# Circuto convertidor 12VAC en 120VAC que no descargue la bateria y mantenga 500W



## ELRUSSO921 (Jun 30, 2008)

necesito un circuito que me permita convertir 12VAC que es lo que tiene la bateria del carro a 120VAC 60HZ para poder instalarle un aire acondicionado de casa, gracias... espero sus respuestas de verdad tengo tiempo buscando esto ya que me gustaria hacerlo personalmente


----------



## Fogonazo (Jun 30, 2008)

En el foro encuentras varios circuitos para conversor tus 12VCC a 120VCA busca "inversor"
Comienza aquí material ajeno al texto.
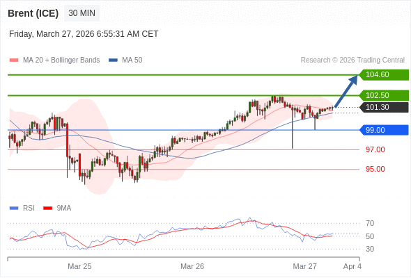 交易策略: 在 99.00 之上,看涨,目标价位为 102.50 ,然后为 104.60 。

Ahora un poco de matemáticas si tu aire consume 500W, suponte que el inversor por propias pérdidas consuma 100W más, lo que suma 600W.
Este valor lo dividimos por tus 12VCC (Según formula de potencia W = V * I)
Tendremos un consumo de 600 W / 12V = 50A, para mantener esto necesitas el alternador del auto funcionando, en caso contrario en 30/40 min te quedas sin batería


----------



## ELRUSSO921 (Jun 30, 2008)

gracias por tu respuesta hermano buscare entonces y tendre cuidado con el alternador cualquier otra duda te escribo


----------